___ Provided information ___

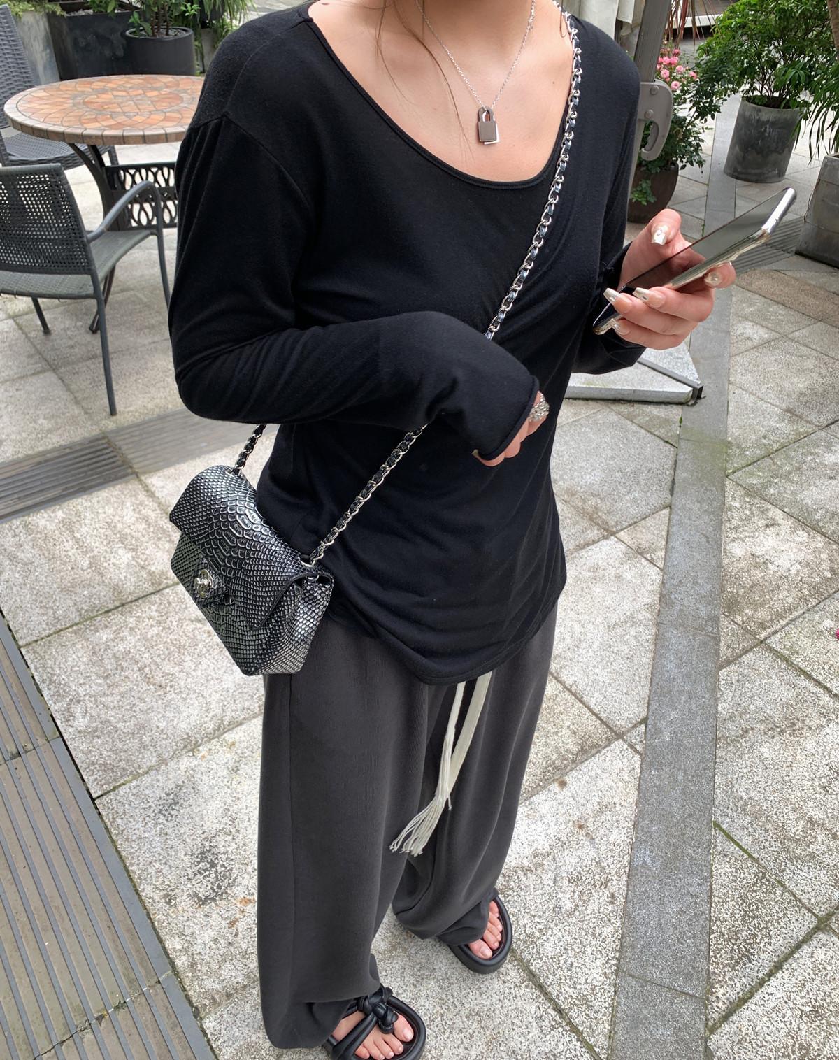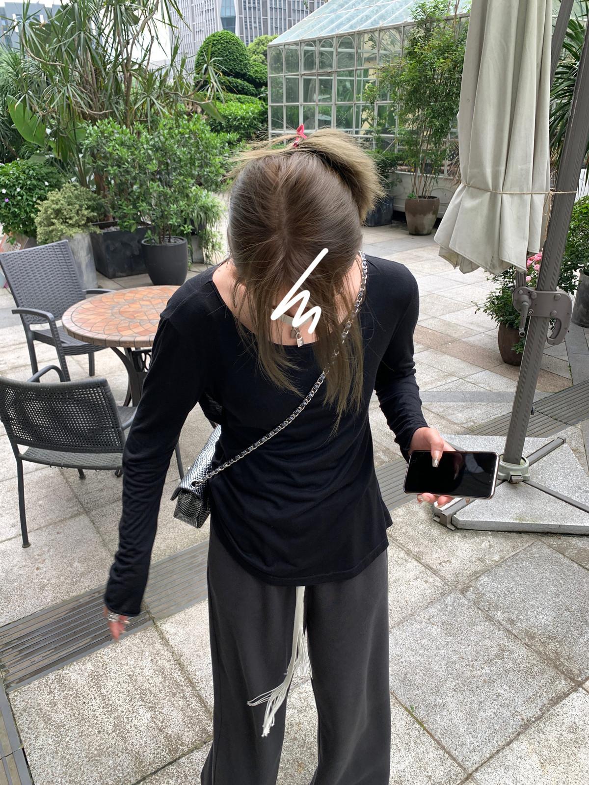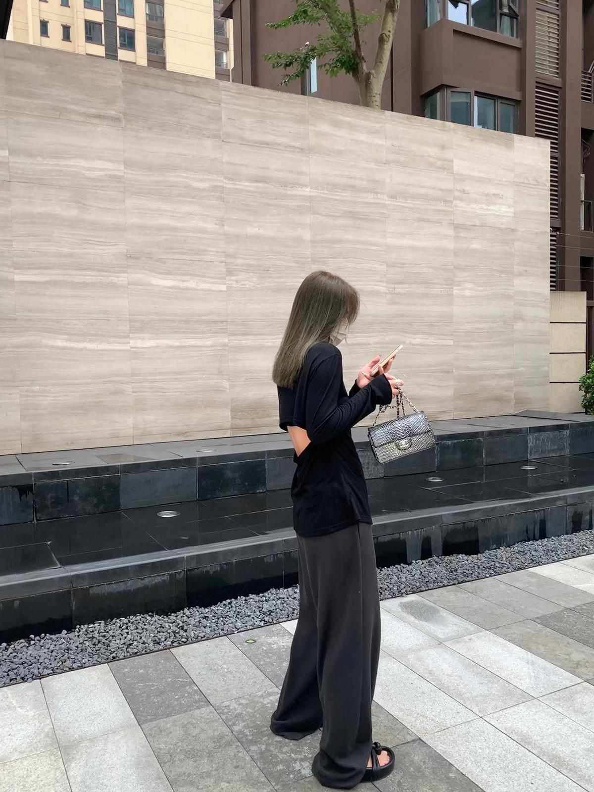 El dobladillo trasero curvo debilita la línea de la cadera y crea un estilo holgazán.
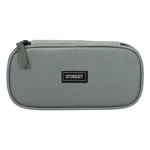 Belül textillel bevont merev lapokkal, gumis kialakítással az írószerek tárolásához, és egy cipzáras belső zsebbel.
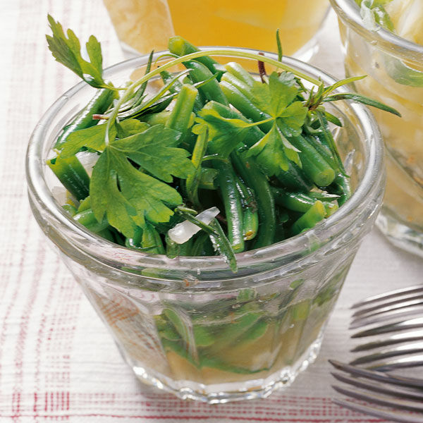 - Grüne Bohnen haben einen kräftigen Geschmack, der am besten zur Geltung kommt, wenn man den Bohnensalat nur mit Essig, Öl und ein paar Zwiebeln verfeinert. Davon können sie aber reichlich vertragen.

___
___ Provided information ___

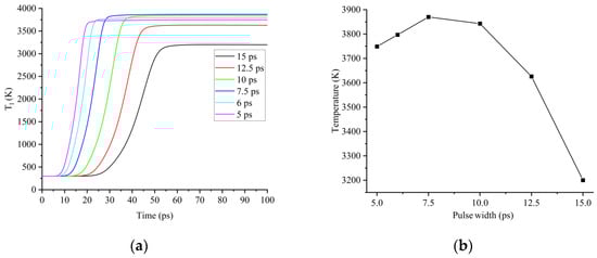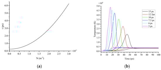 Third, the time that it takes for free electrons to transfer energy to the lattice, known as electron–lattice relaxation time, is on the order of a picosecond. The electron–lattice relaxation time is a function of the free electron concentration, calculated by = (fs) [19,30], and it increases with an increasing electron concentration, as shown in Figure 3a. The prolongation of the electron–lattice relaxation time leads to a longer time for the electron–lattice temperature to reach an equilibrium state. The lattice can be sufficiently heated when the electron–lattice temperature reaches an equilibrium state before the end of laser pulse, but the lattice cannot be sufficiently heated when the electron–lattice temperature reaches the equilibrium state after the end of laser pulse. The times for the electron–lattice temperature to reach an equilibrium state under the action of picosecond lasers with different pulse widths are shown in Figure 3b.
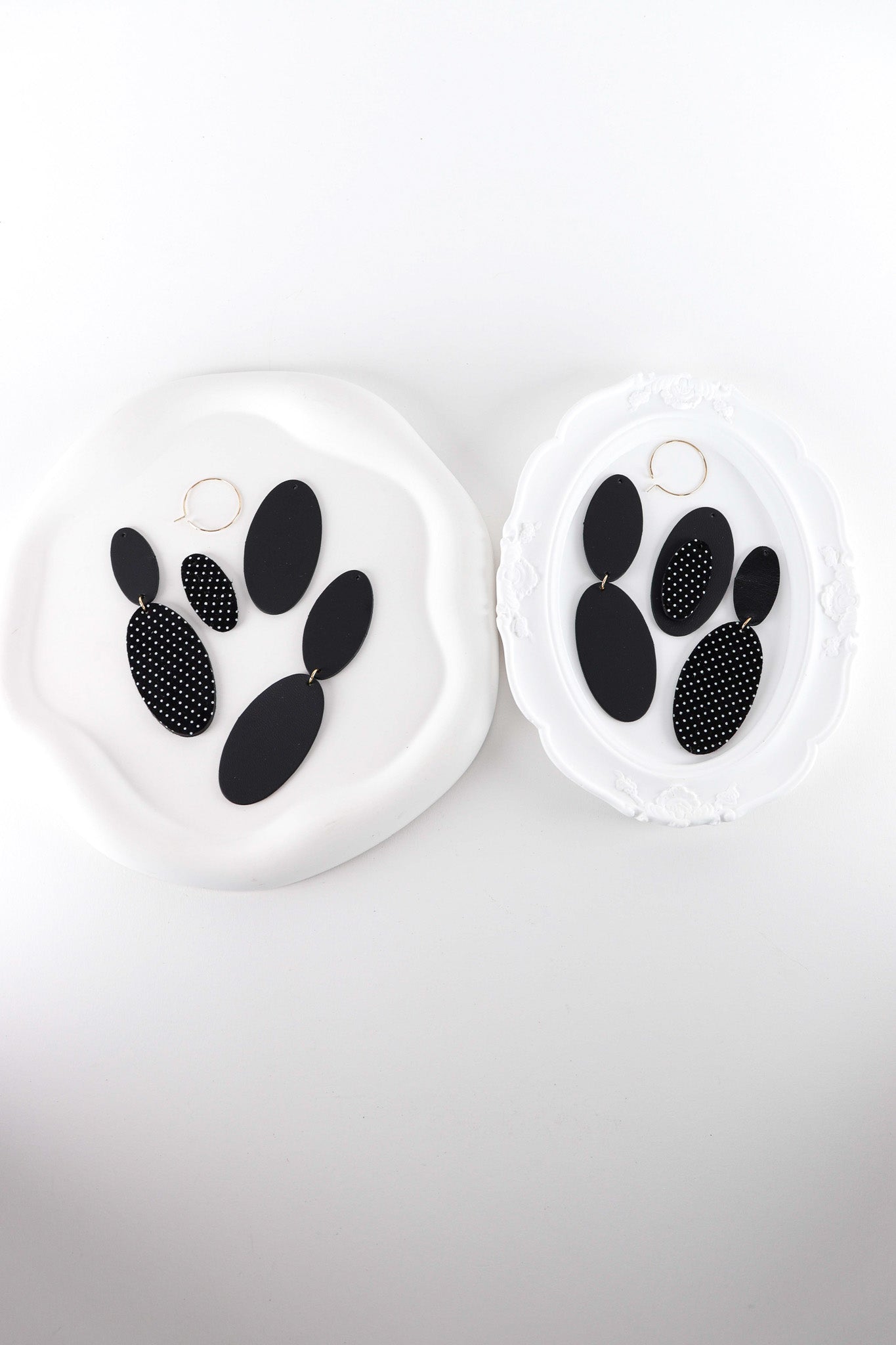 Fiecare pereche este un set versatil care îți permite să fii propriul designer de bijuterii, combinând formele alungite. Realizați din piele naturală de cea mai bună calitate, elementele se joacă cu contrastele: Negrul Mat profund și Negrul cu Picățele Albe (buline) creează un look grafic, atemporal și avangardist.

___

Given the listing above, repeat exactly the lines starting at the one with "Belül textillel bevont" and ending at the one with "- Grüne Bohnen", inclusive, excluding pictures.

 Belül textillel bevont merev lapokkal, gumis kialakítással az írószerek tárolásához, és egy cipzáras belső zsebbel.
 - Grüne Bohnen haben einen kräftigen Geschmack, der am besten zur Geltung kommt, wenn man den Bohnensalat nur mit Essig, Öl und ein paar Zwiebeln verfeinert. Davon können sie aber reichlich vertragen.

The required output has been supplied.